Die Sorge der Motionsführer, der Kanton Uri könnte für 5G-Schäden haftbar gemacht werden, teilt der Regierungsrat nicht. Da der Bund die Rechtsetzungskompetenz über den Schutz vor schädlicher oder lästiger nichtionisierender Strahlung abschliessend wahrgenommen habe und die Kantone die Vorgaben des Bundes lediglich vollziehen, sind sie gemäss Regierungsrat nicht haftpflichtig. Weiter teilt der Regierungsrat mit, dass im Bereich der Datensicherheit ausschliesslich der Bund zuständig sei.

Der Regierungsrat streicht hervor, dass besonders in der Industrie das Bedürfnis nach schnellen Übertragungsraten steigt, beispielsweise mit Anwendungen im Bereich «Internet of Things» oder «Machine Learning». «Das Angebot der entsprechenden Breitbanddaten ist für einen zukunftsträchtigen Wohn- und Wirtschaftsstandort essenziell.» Der Kanton Uri verhalte sich aber technologieneutral: «Je nach örtlichen Gegebenheiten soll die jeweils sinnvollste Technologie zum Anschluss an das Breitbandnetz zum Einsatz kommen.»

Millimeterwellen sollen erst später kommen

Nicht zuletzt macht der Regierungsrat darauf aufmerksam, dass Bedenken, wie sie in Aufrufen und Petitionen geäussert werden, sich auf die sogenannten Millimeterwellen (Frequenzbereich 26 Gigahertz bis 300 Gigahertz) beziehen. «Diese Frequenzen wurden in der Schweiz noch gar nicht vergeben und stehen daher gegenwärtig für 5G auch nicht zur Verfügung. Ein Zeitplan, wann in der Schweiz Millimeterwellen zur Anwendung gelangen, liegt nicht vor.»

Aus all diesen Gründen empfiehlt der Regierungsrat dem Landrat, die Motion nicht erheblich zu erklären. Die Motionäre werden sich zu gegebener Zeit zur Antwort des Regierungsrates äussern.

Was würde ein 5G-Moratorium für die Schweiz bedeuten?

Statement von Avenir Suisse vom 6. März

Die Coronaviruspandemie hat einen Digitalisierungsschub ausgelöst und damit die Kommunikationsnetze an ihre Belastungsgrenzen gebracht. Die Situation unterstreicht die Bedeutung einer leistungsfähigen Telekom-Infrastruktur. Gleichzeitig ist die Modernisierung mit dem neuen Mobilfunkstandard 5G verschiedenen Bürgerbewegungen und Politikern weiterhin ein Dorn im Auge. Neben drastischen Einschränkungen des Mobilfunks wird teilweise sogar ein landesweites 5G-Moratorium gefordert.

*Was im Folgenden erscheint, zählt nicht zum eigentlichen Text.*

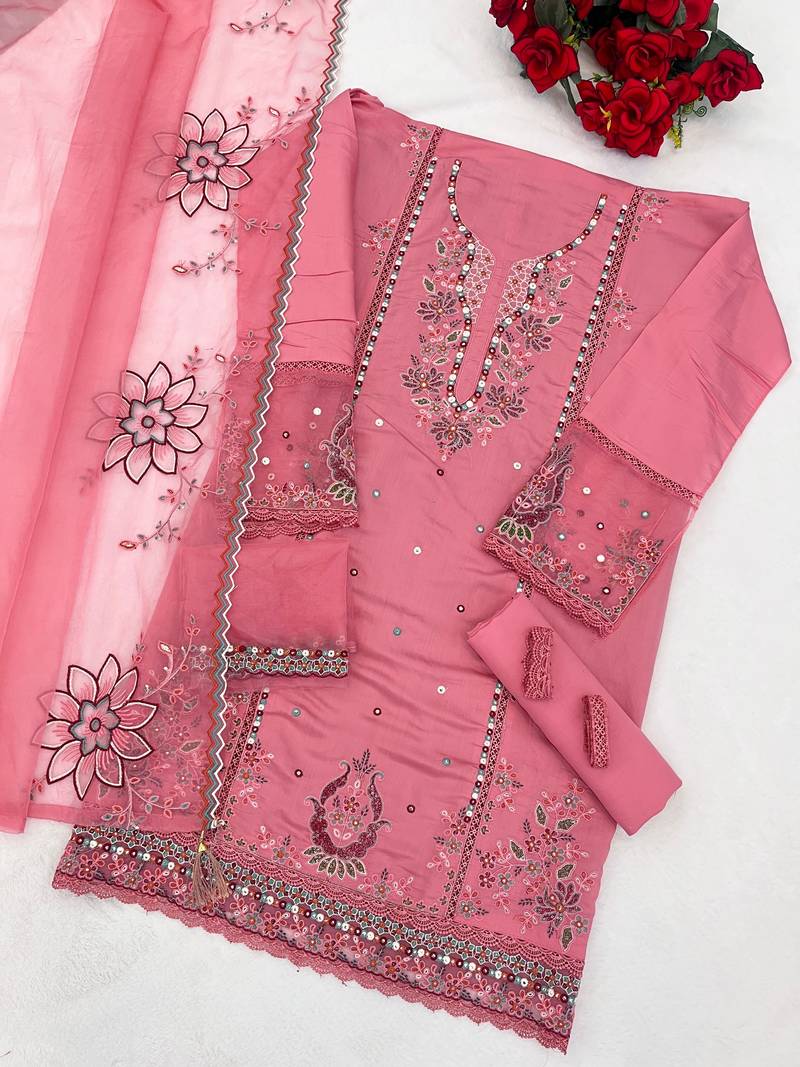 Pink color beautiful ethnic partywear designer embroidered suit unstitched
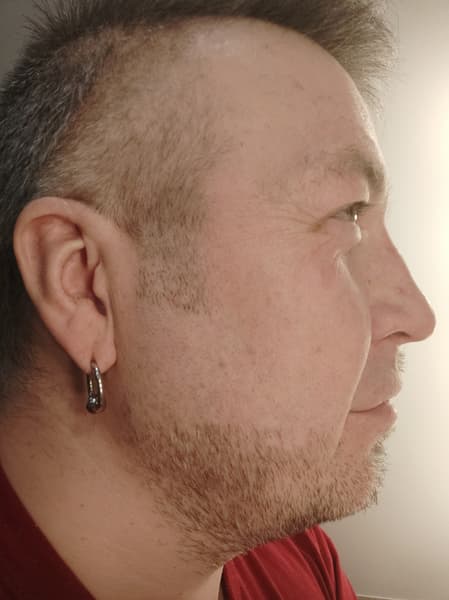 Сначала мы обработали щеки (там попадаются отдельные волоски) и область под бакенбардами.
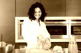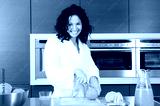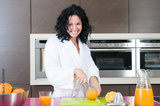 Happy woman having breakfast in a kitchen
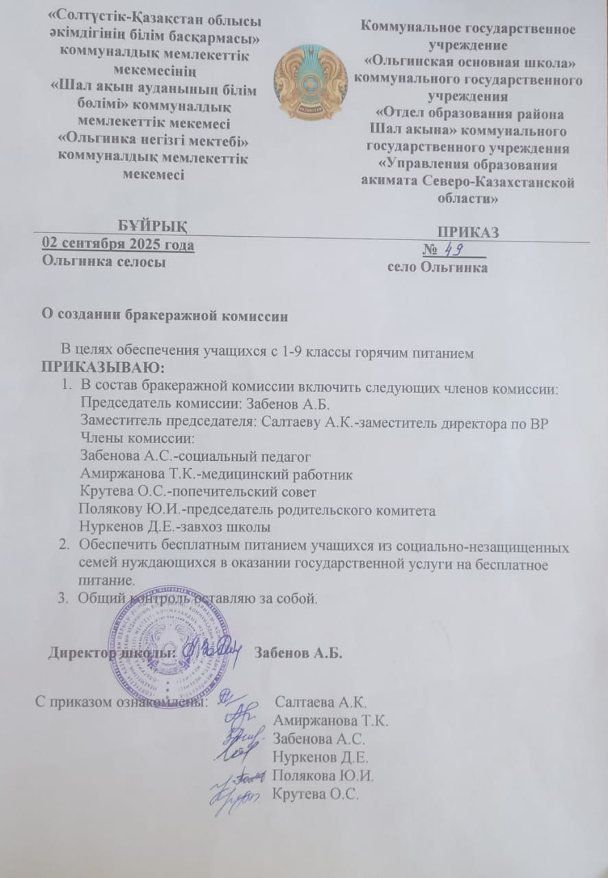2024 жылдын 10 кыркуйегінде мектеп асханасында бракераж комиссиясының мүшелерімен бөлігтерді өлшеп, дәмін татты. Тексеру барысында: тағамдар бекітілген мәзірге сайкес келеді. Бөліктер мәзірлерге және оқушылардың жас қажеттіліктеріне сейкес келеді.
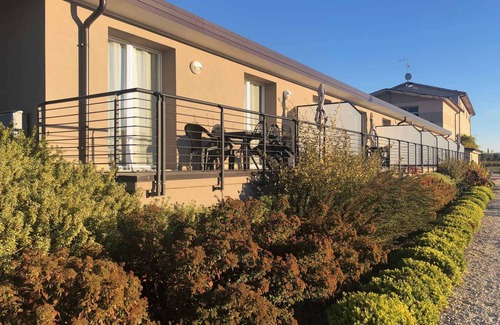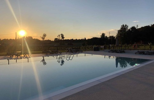 The holiday apartment built in 1980, was renovated in 2020 and is furnished in a modern style. The property is located in a hotel complex, on the outskirts. Also due to the view over a panorama from the property and its quiet and sunny location the domicile is popular. Available for use: sunbathing lawn, parasol, sun lounger and garden furniture.Holiday resort12 accommodations, 60 beds, lobby, reception and laundry. All common rooms are air-conditioned. LocationLazise, district Colà, 130 m above sea level. The holiday apartement is located in a hotel complex, on a open plot with meadow, flowers and trees. Access is via a side road (asphalted). Parking is available on the property. Specialair conditioning, electric heating.Facilities: high chair, internet access (WLAN) and safe. TV reception takes place via satellite. PoolAll pools are available for shared use. Outdoor pool (usable from mid April to end of September, infinity-pool, 8 m x 15 m, depth 1.40 m). Dogsallowed, EUR 7.00/pet per day. DistancesShopping 1,8 km, restaurant 200 m, town center 1200 m. thermal bath in Colà 1000 m. pharmacy in Pacengo 4 km. railway station in Peschiera del Garda 8 km. airport in Villafranca 22 km. Children's playground 1000 m. In summer: Bathing possibility 4 km in Lazise (beach 4 km in Lazise featuring gravel and stones). dog beach in Peschiera del Garda 11 km. DivisionHoliday apartment, 1 floor, 3 rooms (including 2 bedrooms), 50 sqm, in total 6 beds (including 1 cot). RoomThe entrance to your holiday apartment is located on the ground floor, is at ground level and leads directly into the kitchen-diner with doors to all rooms. Bedroom with 1 double bed, 1 single bed and 1 cot. Bedroom with 1 double bed. Eat-in kitchen with TV, dining area (4 seats) and access to the balcony (17 sqm, garden furniture, 1 table, 6 chairs, together with eat-in kitchen). Kitchen in the kitchen-diner (18 sqm) with TV, dining area (6 seats), electric stove (ceramic hob, 4 plates), extractor hood, fridge (icebox), microwave, coffee machine, toaster and access to the balcony. Bathroom (6 sqm) with shower, 1 washbasin, WC, bidet and window. Credit cardsVisa, MasterCard. Terms of lease and pricesIncluded in the priceOutdoor pool, air conditioning, parking place, electricity, water, local tax (under 14 years), bed linen (first usage), hand towels (first usage), Wireless Internet access. Side costs-Costs on the spot:/Obligatory:final cleaning 55 € per object per stay. local tax by local tariff (if charged).On request:bed linen 7 € per person per change. parking place (additionally) 7 € per car per day. Towels (please order at booking) 8 € per person per change. Breakfast - please order at booking 13 € per person per day. high chair - please order at booking 7 € per piece under 3 years per day. baby cot (please order at booking) 7 € per bed under 3 years per day. parking place for boat trailer (please order at booking) 9 € per piece per day.Deposit:EUR 150,-/object
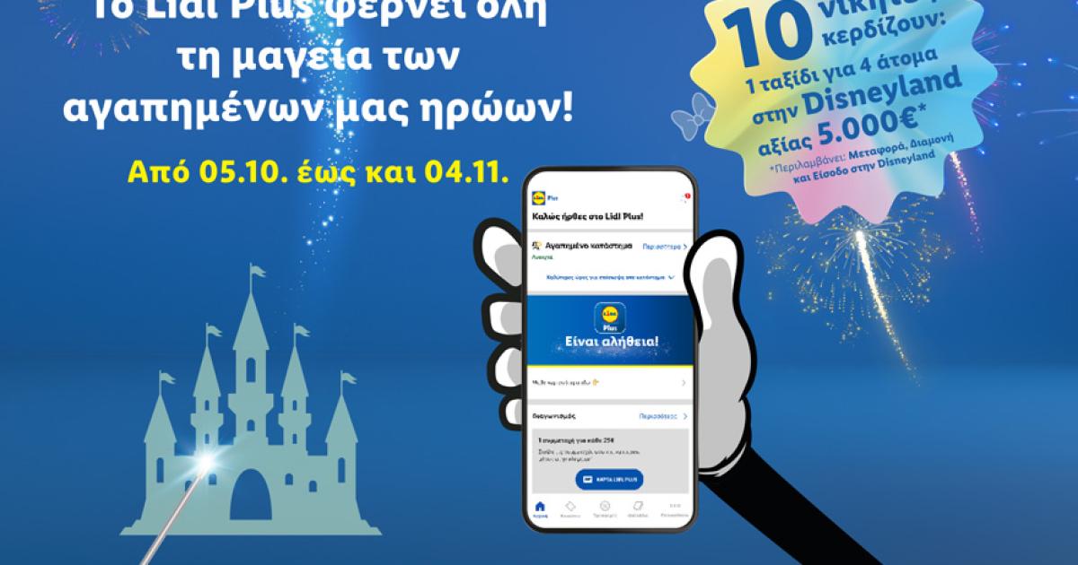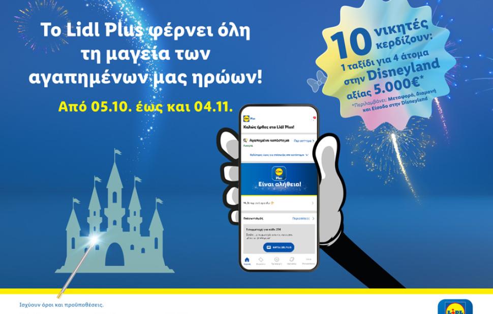 Το Lidl Plus φέρνει όλη τη μαγεία των αγαπημένων μας ηρώων με έναν μοναδικό διαγωνισμό, ο οποίος δίνει την ευκαιρία σε 10 τυχερούς χρήστες της εφαρμογής να ζήσουν την απόλυτη εμπειρία ψυχαγωγίας και να διεκδικήσουν ο καθένας ένα ταξίδι για 4 άτομα στη Disneyland στο Παρίσι, αξίας 5.000€!
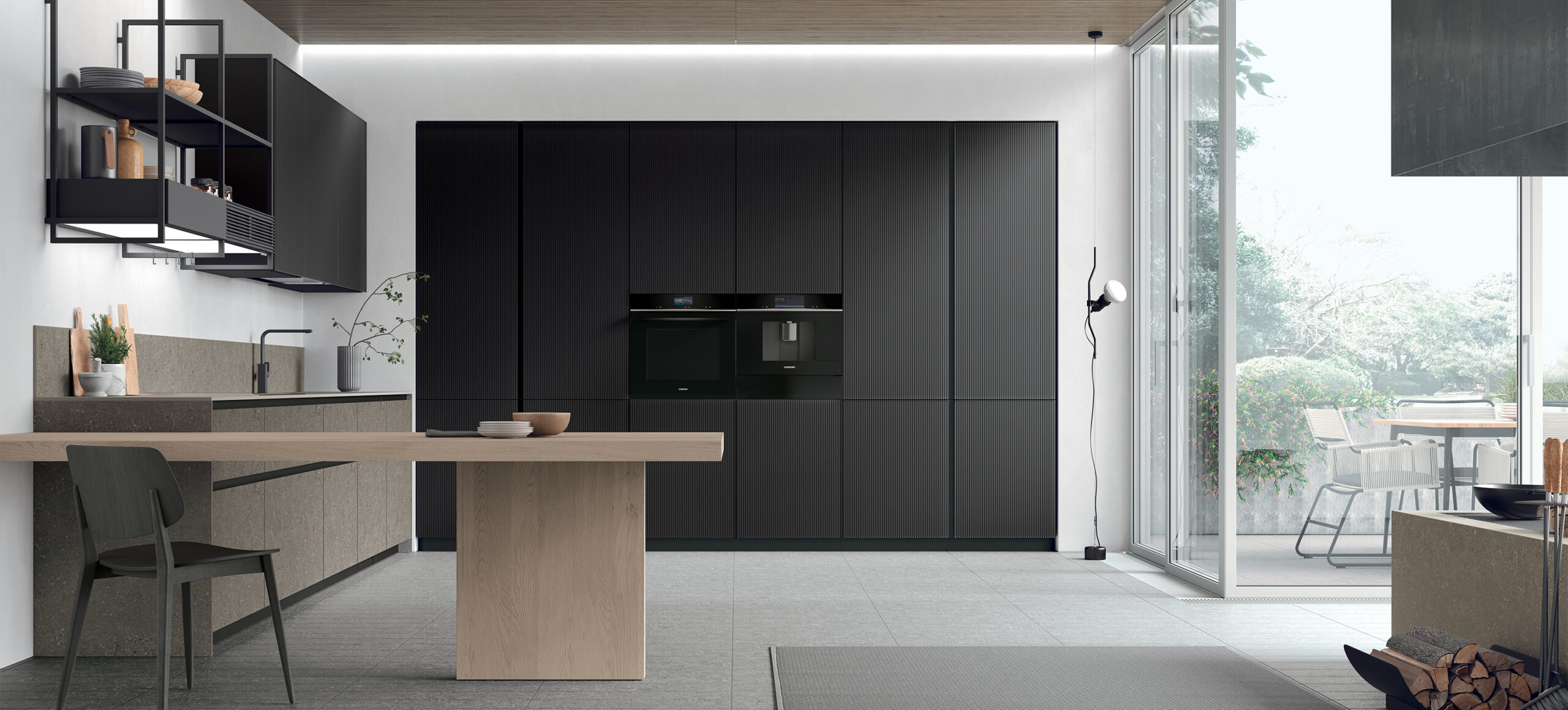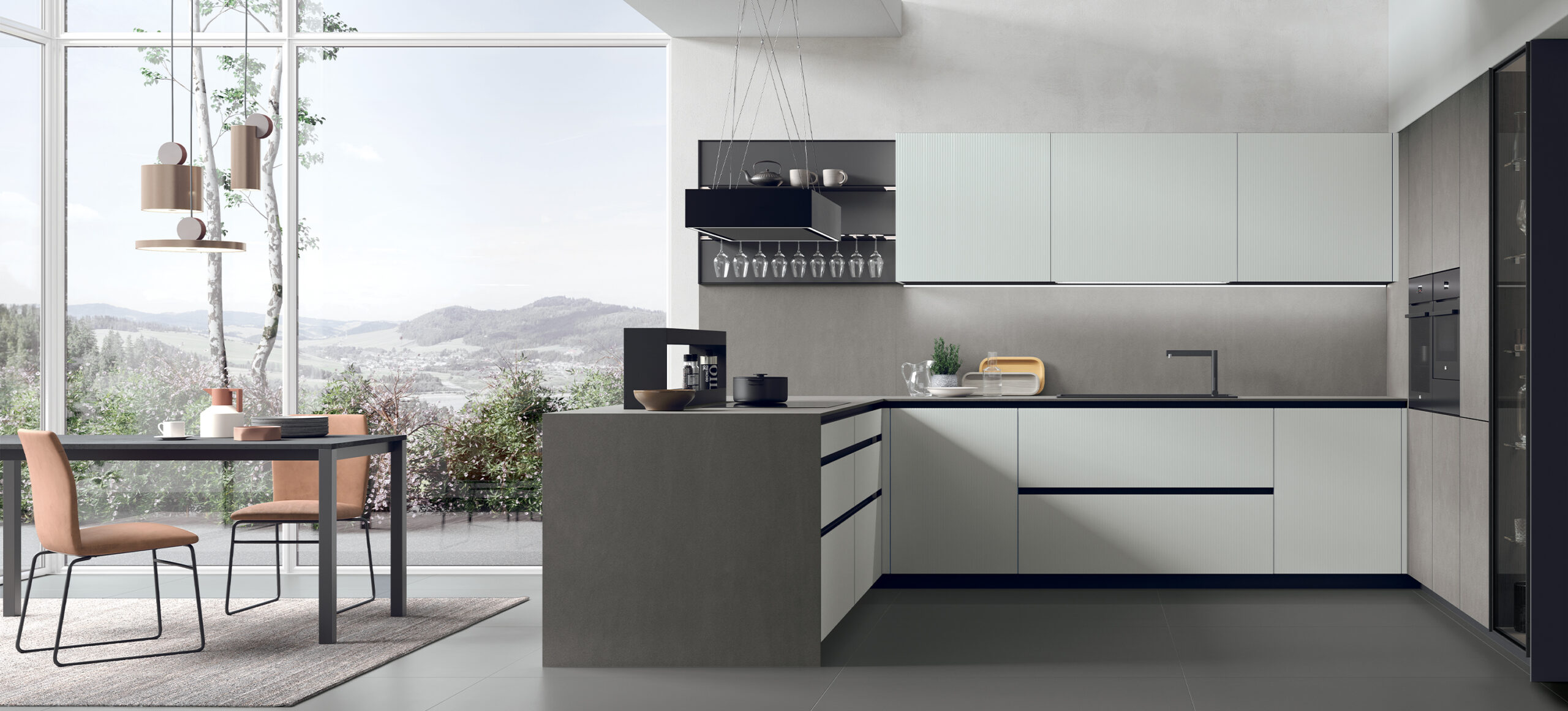 Connubio di estetica e organizzazione, la nuova Aliant si presta a una pluralità di linguaggi espressivi, riuscendo a dare vita a molteplici soluzioni: dalle isole scenografiche, rivestite in HPL alle raffinate cucine lineari esaltate dalla trasparenza del vetro, sino a soluzioni di grande fascino che dialogano con il living.
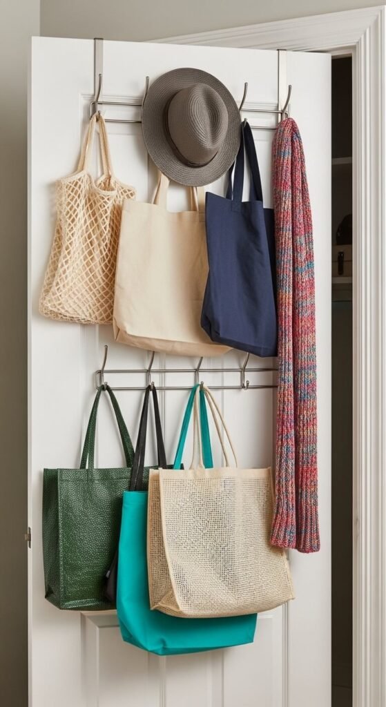 Install command hooks or permanent hooks based on weight capacity. Hang reusable bags, lightweight jackets, or scarves.
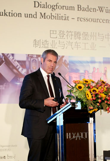 图1: 舒勒董事会主席Stefan Klebert 先生在德国巴登符腾堡州与中国对话论坛上发表题为“效率引领创新”的主题演讲
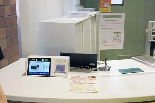 月に1回の保険証確認時に、「健康保険証」か「マイナンバーカード」のどちらかを事務の「総合受付」にご提出ください。
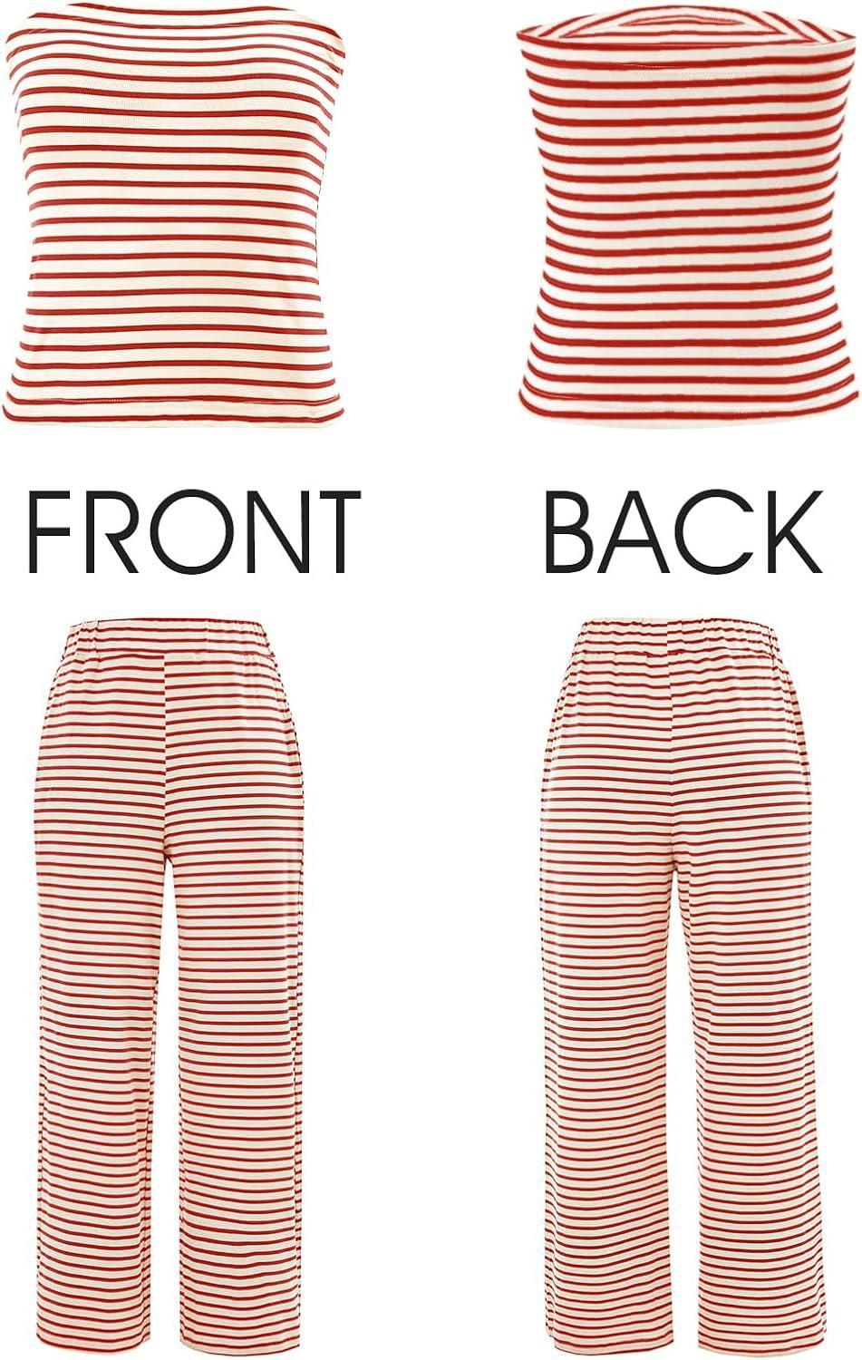 Tankaneo Womens Striped 2 Piece Sets Summer Strapless Crop Tube Tops Wide Leg Pants Matching Lounge Set Vacation Outfits(Orange)
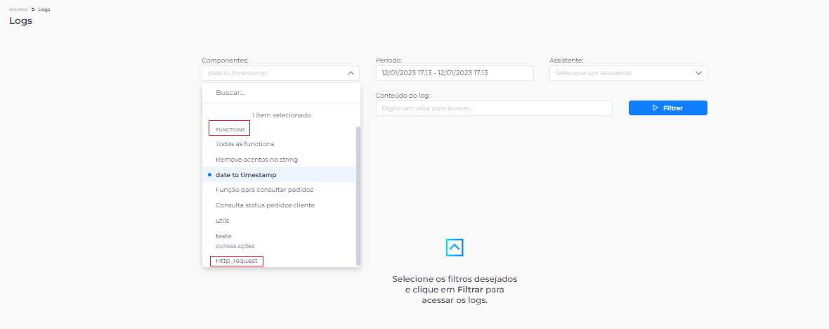2. **Functions:** filtre por uma ou todas as Functions criadas. Mas atenção: é preciso configurar um console.log na Function para gerar logs.
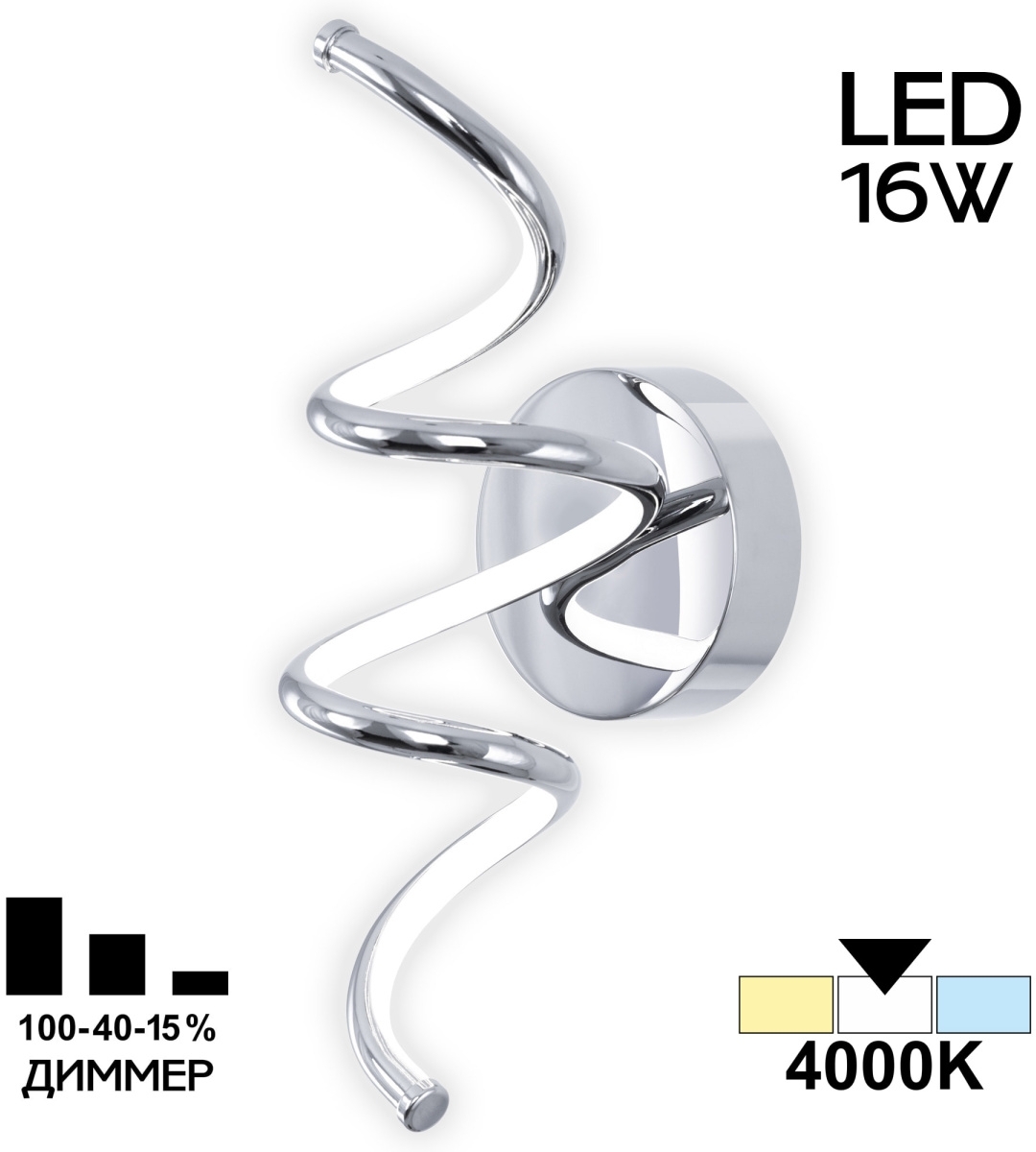 Настенный светодиодный светильник Citilux Джемини CL229331 выполнен в современном стиле. Корпус металлический, цвет хром. Рассеиватель из оптического полимера. Основание круглое, светодиодный модуль имеет форму изящно изогнутой спирали. Тип крепления к стене - планка. Изделие оснащено встроенным ступенчатым диммером с тремя уровнями яркости 100-40-15%, управляется обычным настенным выключателем. Мощность 16Вт, цветовая температура 4000К – нейтральный белый свет, безопасный для глаз, без мерцания и пульсаций. Осветит до 4м². Бра CL229331 великолепное решение для дополнительного освещения модной гостиной, уютной спальни или просторной прихожей. Светильник прекрасно выглядит как в вертикальном, так и в горизонтальном положении.

Aus Sicht von Avenir Suisse besteht Handlungsbedarf in drei Bereichen: Der Bund darf sich nicht länger vor seiner Verantwortung drücken. Die Frequenzen für 5G wurden versteigert, nun sollen auch die dafür notwendigen technischen Rahmenbedingungsanpassungen vorgenommen werden.

Zweitens: Wissenschaft und Wirtschaft sind gefordert, denn die Telekom-Infrastruktur ist nicht erst seit dem Ausbruch von Corona von zentraler Bedeutung für die Zukunft des Landes. Dem wissenschaftsfeindlichen Narrativ gilt es daher entschiedener entgegenzutreten.

Drittens gilt es, die Aufgabenteilung zwischen Bund, Kantonen und Gemeinden zu respektieren. Die Federführung bei der Mobilfunkinfrastruktur liegt klar beim Bund und sollte nicht durch lokale Alleingänge in Frage gestellt werden.